Data:
+ + + + +

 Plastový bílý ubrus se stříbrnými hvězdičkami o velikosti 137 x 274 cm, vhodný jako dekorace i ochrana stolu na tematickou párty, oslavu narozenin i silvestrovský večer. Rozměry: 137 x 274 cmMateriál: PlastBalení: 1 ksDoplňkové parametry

+ + + + +

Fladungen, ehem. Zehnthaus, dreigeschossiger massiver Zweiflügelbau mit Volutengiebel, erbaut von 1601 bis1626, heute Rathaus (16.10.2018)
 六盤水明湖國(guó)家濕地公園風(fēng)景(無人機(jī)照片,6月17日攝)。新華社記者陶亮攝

+ + + + +

What the task requires: Above are the records; copy exactly the lines from the line with "Fladungen, ehem. Zehnthaus, dreigeschossiger" through the line with "六盤水明湖國(guó)家濕地", both included.

Expected answer:
Fladungen, ehem. Zehnthaus, dreigeschossiger massiver Zweiflügelbau mit Volutengiebel, erbaut von 1601 bis1626, heute Rathaus (16.10.2018)
 六盤水明湖國(guó)家濕地公園風(fēng)景(無人機(jī)照片,6月17日攝)。新華社記者陶亮攝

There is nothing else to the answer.